Student Level: Grades 1-2

Objectives:

  • Students will identify animals that are mammals and that are not mammals by the characteristic of
  1. Live births
  2. Warm blooded
  3. Hair or fur body cover.
  • Students will collaborate on the classroom activity.

Standards: This lesson meets Pennsylvania Science Standard 3.3.4A: Know the similarities and differences of living things. You need to check your state's standards. This lesson expects a child to function at the level of "Application" on Blooms Taxonomy.

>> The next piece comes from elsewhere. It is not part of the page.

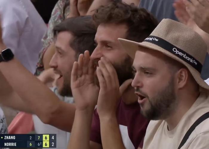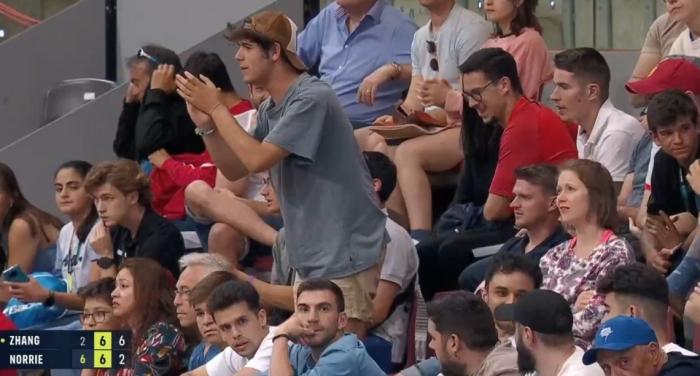 本场比赛,张之臻打得十分顽强,尽管首盘2-6脆败,但不气馁的他连续利用两个抢七局,逆转翻盘。张之臻如此荡气回肠的表现,也折服了现场的外国球迷。每当张之臻打出好球,他们甚至还效仿中国观众,为他喊“加油”。

Timeline: One 45-minute period.
This lesson is designed to be part of unit on Mammals that will include Habitat, Mammal Babies, Reptiles, Amphibians, Fish, Insects Birds, Food Chain, and Protecting Endangered Species.

Materials:

  • Chart: Get a picture of a dog: Your pet or a child's pet is best. Print and place it on a large piece of chart paper.
  • 20 animals cards, 10 mammals, 10 non-mammals for each group of 3. You can make these with Microsoft Word, inserting digital pictures. Laminate them for future groups. Each card will have the picture of an animal (I love Google Images as source) with its name on the front. On the back, you will write the three categories: Does it have live babies or lay eggs? Is it warm or cold blooded? What kind of body covering?
  • A record sheet with Mammals at the top of one column, non-mammals on the other, and 10 lines under each.
  • Assessment worksheets for general ed students. It will have two circles labeled "Mammal" and "Not a Mammal" and a word bank with all the animals you have on the animal cards.

Procedure:

  • Assess prior knowledge: See how many of the animals your children can name independently from the cards.
  • Introduce the concept "Mammal" using the picture of the dog: "This is my Dog Spot" He is a mammal. Was he born? Did his mother lay and egg? What else do you know about him? Elicit information about his body covering, what he eats, whether his body feels warm or cold to the touch. Write the three criteria on the chart. Mammals are: Warm blooded, Born alive, Have hair or fur for body coverings.
  • Are you a mammal? Discuss whether humans conform to the three criteria.
  • Collaborative Activity: Give a set of cards to each group. Have enough to split your class into groups of three. One member should be high functioning and a reader, a second member should be able to copy from an example, and the third person will only need to put the cards in two groups.
  • Discuss the collaborative process: Each group will have a reader, a recorder and a card sorter. They will read the back of the card and decide whether it the animal is a mammal or not a mammal. The sorter will place the card on the desk with the mammals or with the non mammals. The recorder will put the animal's name on the record sheet. Give the class 15 minutes to complete.

  • Regroup: Write the results from the groups on a chart, ask each group as they report out, why the animal is or is not a mammal.

Assessment:

  • Readers: They will complete the assessment sheet described above.
  • Non-readers: They will sort the cards for the teacher in a one to one setting.